В то время, когда Саксония, остолбенелая и удивлённая, беспокоилась за выбор своего курфюрста, видя угрозу религии, когда проницательные умы Польши в Августе боялись приятеля, ученика и союзника Габсбургов, пытающихся урезать свободы людям, подчинённых их скипетру, везде, где установили контроль, в Дрездене на Замковой улице Захарий Витке и придворный Пребендовской, Лукаш Пшебор, думая только о себе, рассчитывали, как сумеют выгодно воспользоваться этой элекцией и новым господином. Амбиции Витке толкали его на скользкую дорогу, пробуждающую в матери не без причины сильную тревогу. Лукаш, с которым мы познакомились в магазине при кубке, в посеревшей одежде клирика, также не меньше размышлял над своим будущим, строя его на том, что случайно встал одной ногой недалеко от двора короля.
Сирота, бедняк, каким образом, вместо того чтобы попросту записаться где-нибудь в реестр челяди и двор какого-нибудь Любомирского или Яблоновского, без всяких средств, собственными силами он решился добиваться карьеры, это мог только объяснить его характер и темперамент… Обстоятельства также складывались, что ничего другого до сих пор ему не попалось. Бедный, предоставленный самому себе, он спасался инстинктом, каким… случайно нашёл азбуку, заинтересовался предметом, почти один научился писать и читать; силой потом влез в костёльную школу, с сухим хлебом питаясь жадно латынью… Чистил ботинки и подметал избу ксендза, который направил его учиться на клирика и выхлопотал доступ в семинарию.
Среди этого послушничества постепенно в голове его, по которой мысли маячили чрезвычайно хаотично, становилось ясней.
Было какое-то Провидение над сиротой, невидимая рука, которая его толкала и укрепляла.

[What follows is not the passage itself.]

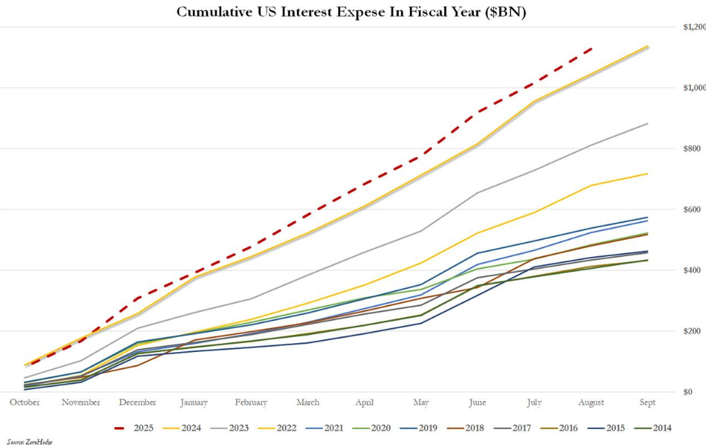 同样重要的是,美国惊人的利息支出灾难仍在持续攀升。8月份,美国支付了1115亿美元利息,使本财年前11个月的利息支出总额达到创纪录的1.124万亿美元,全年利息支出有望突破1.2万亿美元大关。

Он угадывал, догадывался, имел инстинкт провидца, хотя никому не доверял и ни советовался ни с кем, в этом пережёвывании мысли приобрёл хитрость и дар угадывания. Невзрачный, в посеревшей епанче, клеха шёл на борьбу с жизнью с тем убеждением, что справится. А желал всего без меры. Но разве он не читал об этих архиепископах, что, как бедняки, ходили по Кракову с мешками и горшком? Шаг за шагом так продвигаясь, он стяпал всё из самого себя. Замкнутый, молчаливый, он продвигался вперёд осторожно, а каждое новое завоевание придавало ему смелости для новых мечтаний и надежд.
Получив в семинарии столько знаний, сколько их требовало тогдашнее течение жизни от тех, что особенной профессии не выбирали, Пшебор всё больше начинал колебаться, не время ли сбросить это облачение, которое его тяготило, или сохранить его и посвятить себя так называемой службе Божьей… Он действительно мог добиться высших ступеней, но все клятвы и отказы, какие были необходимы послушнику, не были ему по вкусу, потому что любил жизнь со всей её насыщенностью.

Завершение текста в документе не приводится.